What if, as you sat there churning away at your problems, a solution honed to your problem was posited. No more scouring endlessly for vague references. No I'm not saying that there's going to be a "Google code snippets" or, heaven forbid, a "clippy".
But wouldn't it be nice if one could comment one's code and have a solution appear in the morning? What if instead of posting notes in a forum one could post notes within one's code? What if while working a block of code appeared out of thin air, solving the next logical step in a problem?
Wiki-stye open programming
We already have much value with collaboration. With various people in an project, they can all look at the same thing and commit changes. They review each other's work and can endlessly debate in a mailing list.
Open programming takes the idea of collaboration and opens it up in the same way that a wiki opens up writing.
Over a large document, multiple authors can collaborate. They discuss things on a simple talk page which evolves as their opinions and methods do. The main topic is collaborated on, and everyone's effort meets somewhere in the middle to form a good working topic.
Participants of a true wiki are unafraid of anonymous editing, and see value in those individually reviewed changes. Anyone who is interested can commit even the tiniest change.
So instead of the bureaucracy of founding a team with areas of interest, assigned tasks, team goals and such.. people who happen to be interested can make changes as they see fit when they see fit.

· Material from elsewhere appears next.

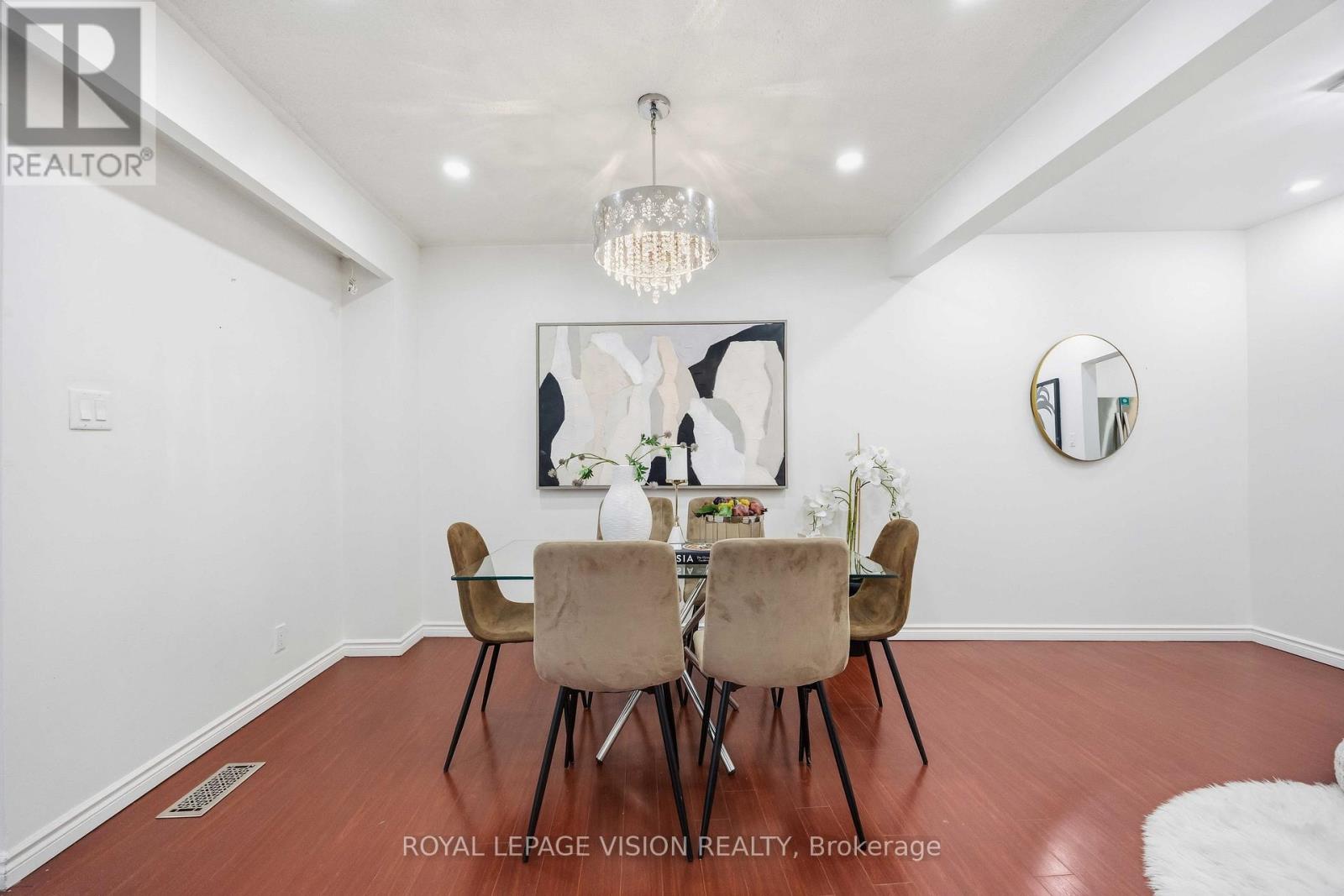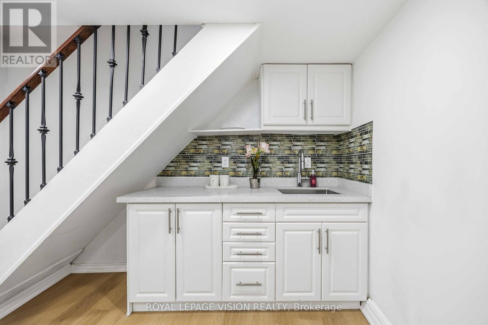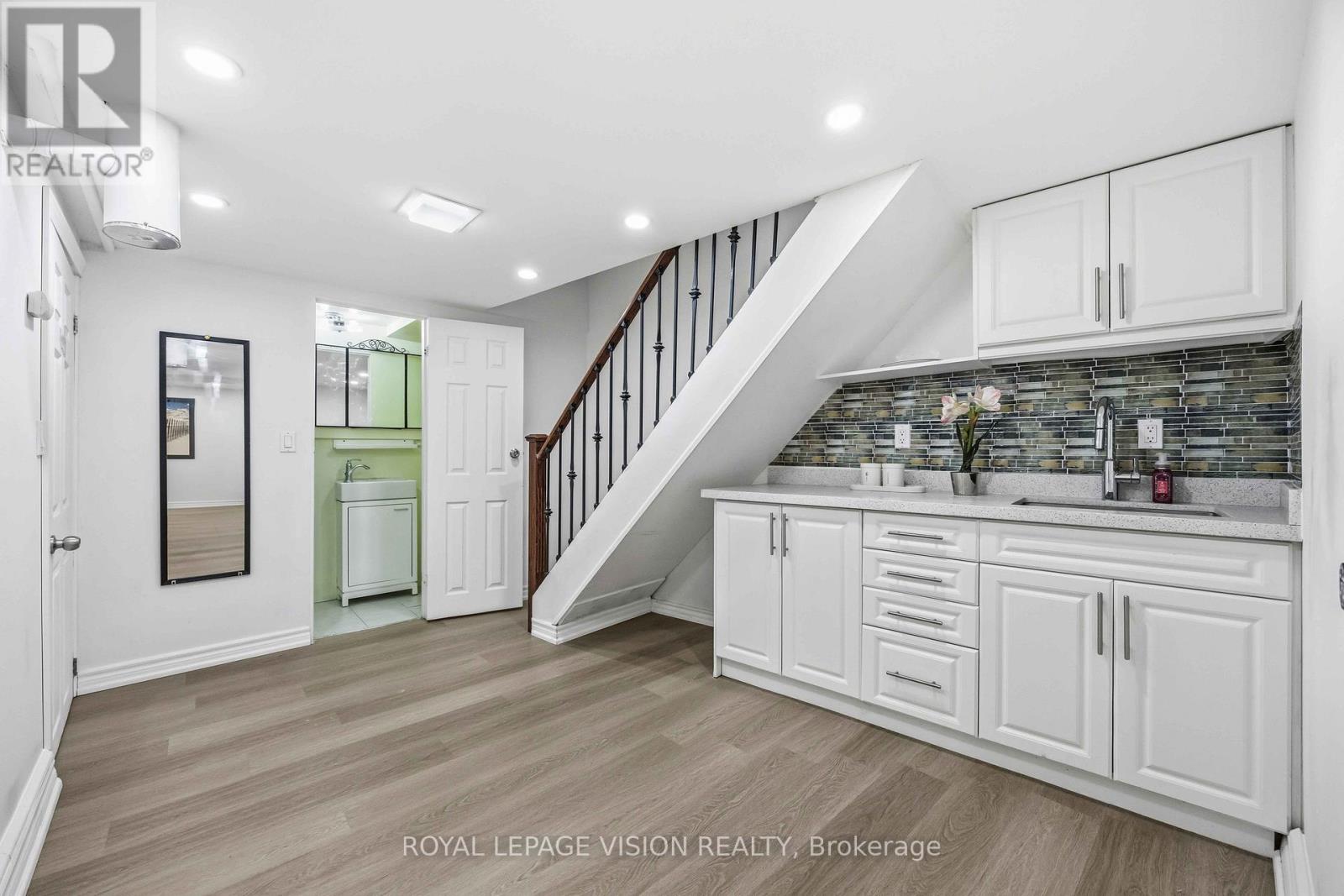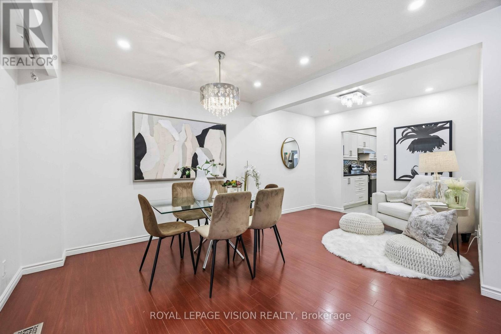 Come Home in this Rarely Offered Urban Oasis! Tucked away in a park-like, child-friendly circular courtyard, this beautifully maintained home offers the perfect blend of tranquility and convenience. Step inside and feel the warmth of a residence that has been thoughtfully updated over time. The main floor features a well-appointed L-shaped living and dining area - ideal for both everyday living and entertaining. The modern kitchen boasts quartz countertops and stainless steel appliances, creating a stylish and functional space for family meals. Upstairs, you'll find three spacious bedrooms with soaring ceilings that enhance the sense of openness and light. The finished basement adds exceptional versatility, offering a massive 21-foot bedroom, a partially completed kitchen, and a full 3-piece bathroom - perfect for extended family, guests, or a potential in-law suite setup. The utility room provides generous storage space, functioning as your own private locker. Location is unbeatable - with quick access to Highways 401, 404, 407, and the Don Valley Parkway, all within 500 meters. Downtown access is seamless. Top-ranking elementary, middle, and high schools are within walking distance, along with the library, hospital, community Centre, and medical facilities. Enjoy your own private backyard surrounded by lush greenery - a peaceful retreat in the heart of the city. This is more than just a property - it's a place to truly call HOME! UPGRADE TIMELINE: Roof (2024), Fresh Paint (2026), Powder Room Update (2024), Kitchen (2018), Washer-Dryer (2018), All Light Fixtures (2018), A/C (2011), Furnace- 2025 Dec. MAINTENANCE INCLUDES: Common Elem., Parking, Bldg. Insurance, Water, Cable TV & HIGH SPEED INTERNET.* Some Pictures are taken previously during Summer time. (42141499)

Imagine if programming did the same thing.
Open programming features
What would the wiki concept be like if it were applied to programming?
- Completely online
- A system of editing code online, with an easy way to check out a piece of code or the entire project.
- Easy linking
- Referencing other code is as easy as writing a wiki-link.
- Integrated discussion
- Bug tracking, discussion and voting are available right alongside the code.
- Revision tracking
- Every page has fine revision tracking, allowing complex differences to be generated on a per-portion, per-file or per-section basis.
- Smart checkouts
- Major and minor milestones are assigned so that checkouts can be for the bleeding-edge variant of certain pieces of code and a milestone for the rest of the code.
- Easy overview
- View changes per-person, per-portion of a file, per-file or per-section, also with statistics.
- Milestones and priorities are automatically generated based on flagging and activity.
- Anonymous editing
- Take advantage of even the smallest change by making it as easy as possible for anyone to contribute.
- Moderated and secured
- A complete control structure tracks all changes by all users and anonymous edits. A user and group permissions structure, a complete system of change rollbacks, user and IP (and range) warning, blocking and logging is available.
The wiki is a completely different mindset from regular writing. The reigns of control are still there and yet one doesn't feel the need to keep so tight a grip on them. One reviews those anonymous changes not just for security purposes, but because one is genuinely interested in the development of the topic they just contributed to.
The wiki mindset applied to programming alleviates the concern that a developer is writing a program just for themselves -- open source greatly aided this -- but now the developer is more interested in the open improvement of the software for itself.
I believe that the wiki mindset as applied to open writing is ripe for adaptation into programming and open source projects.